Standing in the middle of the year, comprehensively considering the supply, demand, price and profit in the second half of the year, the fundamentals rarely resonate, the supply and demand lack of the main line contradiction, the overall judgment of the price is still a wide range of shocks, in which the sentiment will play a key catalytic role, the expected swing will intensify the short-term contradiction and produce a new expectation difference. From June to August, the industry is facing a game between a potential weak break and weak demand in the context of high supply, rationally judging that the price has a weak but relatively certain rebound space, but the early pessimistic mood or the later radical pressing and secondary education strategy There is a possibility that the market is over-falling or over-rising, and the spot core range is judged to be [14,17]. From September to October, the weak break period ended, the production capacity returned to excess, demand still did not keep up, the price may have a pullback, the industry does not rule out a return to the state of loss, the spot core fluctuation range is expected to be in [17, 15]. From November to January of the following year at the end of the year, based on the fact of active or passive reduction of production capacity at the beginning of the year, the market may once again produce a consensus expectation of price increases at the end of the year, but the intervention of speculative forces leads to the possibility of advancing prices, and the supply is concentrated before the holiday, so that the real price increase before the holiday is less than expected, and the price is expected to rise first and then fall, and the core range is [16, 20].

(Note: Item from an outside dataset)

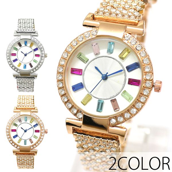 色とりどりのカラーストーンインデックスが輝くレディースウォッチです。ケース周りとベルト部分にはラインストーンがふんだんにあしらわれ、存在感抜群となっています。

The market is expected to remain dominated by spot-led driven transactions, with stable capacity changes and difficult valuation transactions; On the other hand, considering that there is a certain premium in the far month, in the long run, under the background of the lack of significant reduction of production capacity, there is still an advantage in squeezing water at high altitude, and industrial hedging is recommended to lock in at high prices. In terms of trading, it is recommended that the rhythm refer to or slightly advance than the spot, the early low of June to August is mainly 07, 09, the reference range is [15000, 17500], after August, wait for the high point to be short-based, and then take back the long order after the low point is generated, 11, 01 and other contract fluctuation range reference [19500, 15500].

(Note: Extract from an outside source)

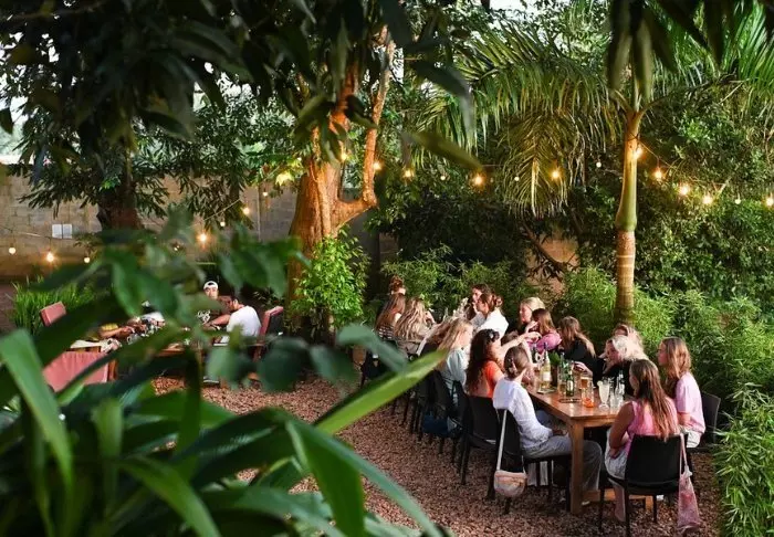 Fra den stråtækte restaurant og bar kan du nyde den smagfulde hjemmelavede mad eller en dejlig drink, mens du beundrer den maleriske natur og den skønne lille naturlige sø.
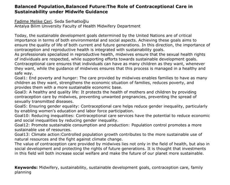 Balanced population, balanced future: The role of contraceptional care in sustainability under midwife guidance (223.6Kb)

Risks: Emotional selling overshadowed supply reduction in June, and prices collapsed early; From June to August, the supply reduction exceeded expectations, the second breeding pressure fence entered, and the plate sharply repaired the expected difference.

Disclaimer: The information in this report is derived from public information or field research, our company and researchers do not guarantee the accuracy and completeness of the information, the information and views in this report reflect the judgment of the report when it is first publicly released, and may be adjusted at any time; The information and opinions expressed in the report do not constitute an investment offer or recommendation to buy or sell and the investment decisions and results made by investors on the basis thereof are not relevant to the Company and the author. Investment is risky and you need to be cautious when entering the market.